# INFORMATION SHOWN:
-*-*-
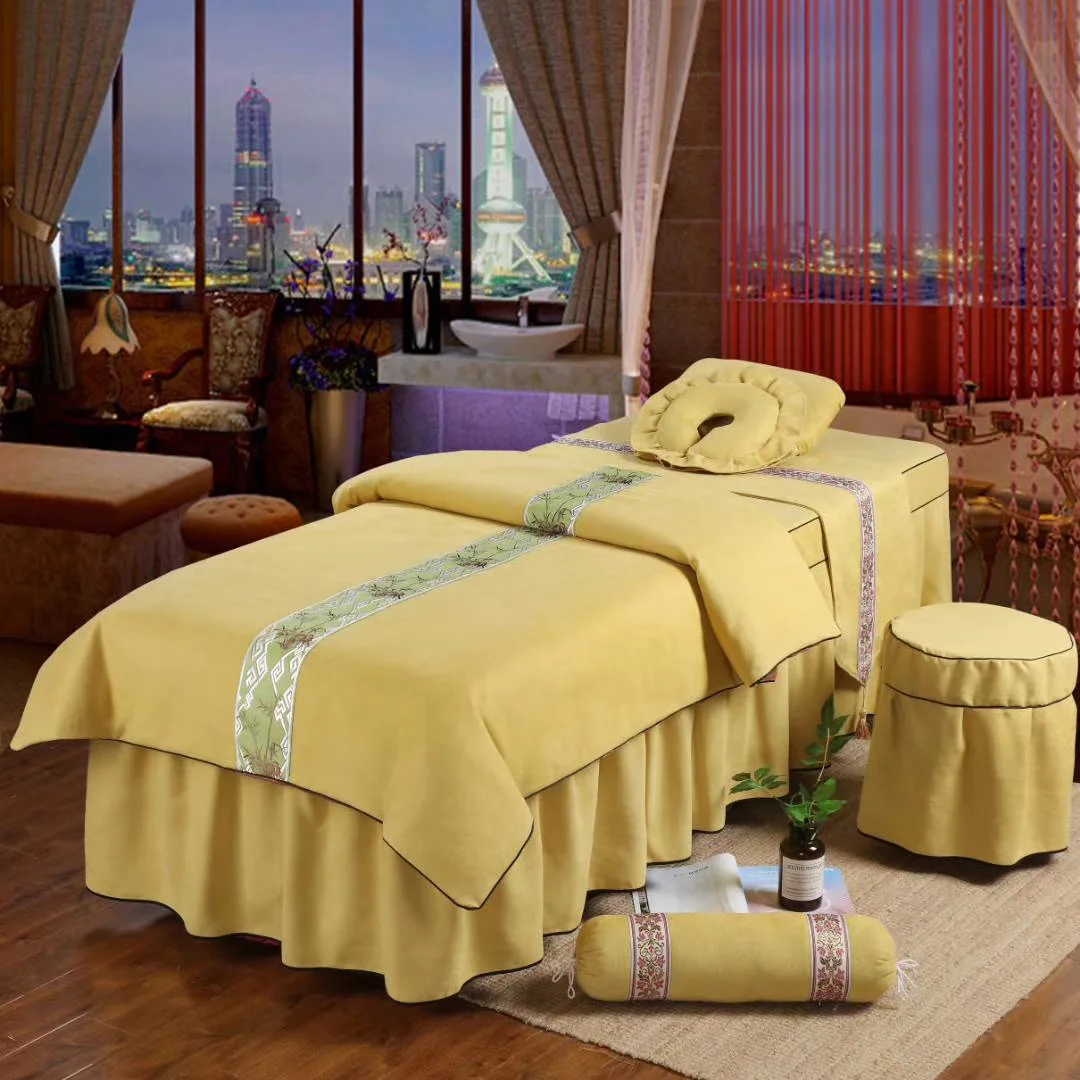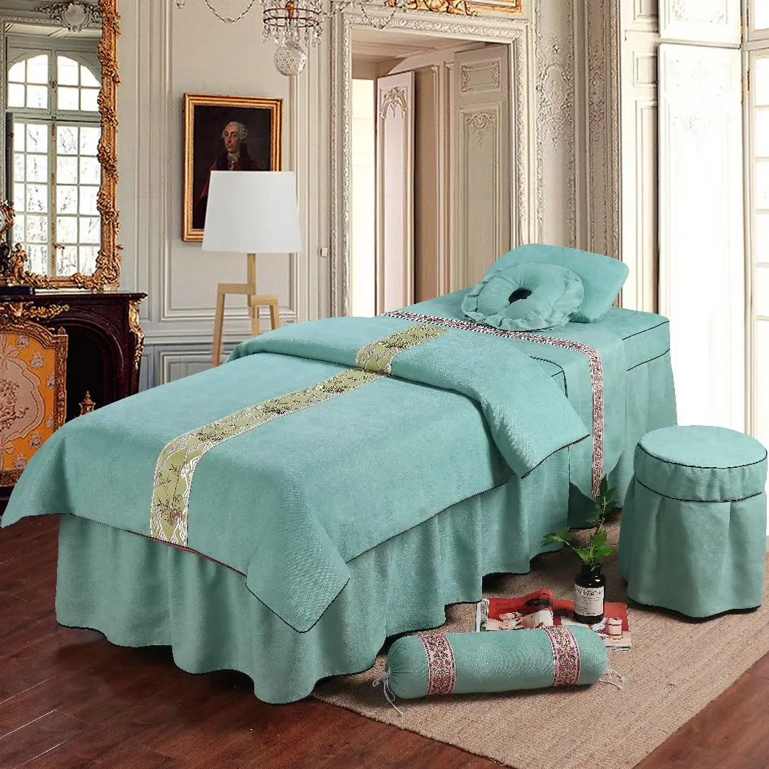High Quality Massage Spa Bedsheet Table Skirt Pillow Cover Quilt Stool Cover Spa Sheet 5pcs Beauty Salon Bedding Sets
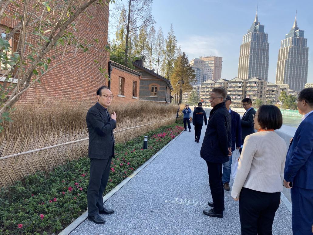 仪式环节结束后,叶青陪同与会嘉宾参观苏州河步道华政段,并作细致讲解。
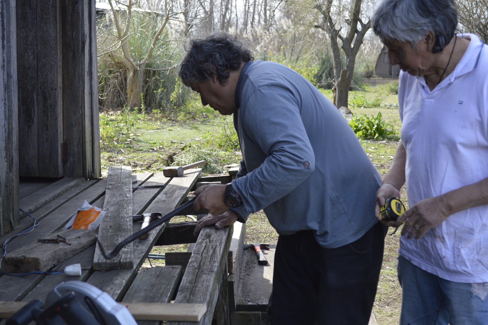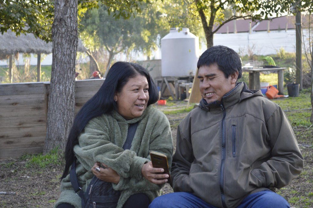 Desde la localidad tigrense de Rincón de Milberg llegaron Virginia Ayala y su primo Santiago Salteño, ambos integrantes del Pueblo Moqoit. Ella es nacida y criada en la Comunidad El Pastoril cerca de Villa Angela, pero vive en Tigre hace casi 20 años. El forma parte de la Comunidad Juan Larrea de la localidad de Charata, entre Santiago del Estero y Chaco, y actualmente está en Buenos Aires por asuntos de trabajo.
-*-*-
# EXERCISE:
Return every line shown above without changing a word, and skip the pictures.

# EXPECTED ANSWER:
High Quality Massage Spa Bedsheet Table Skirt Pillow Cover Quilt Stool Cover Spa Sheet 5pcs Beauty Salon Bedding Sets
 仪式环节结束后,叶青陪同与会嘉宾参观苏州河步道华政段,并作细致讲解。
 Desde la localidad tigrense de Rincón de Milberg llegaron Virginia Ayala y su primo Santiago Salteño, ambos integrantes del Pueblo Moqoit. Ella es nacida y criada en la Comunidad El Pastoril cerca de Villa Angela, pero vive en Tigre hace casi 20 años. El forma parte de la Comunidad Juan Larrea de la localidad de Charata, entre Santiago del Estero y Chaco, y actualmente está en Buenos Aires por asuntos de trabajo.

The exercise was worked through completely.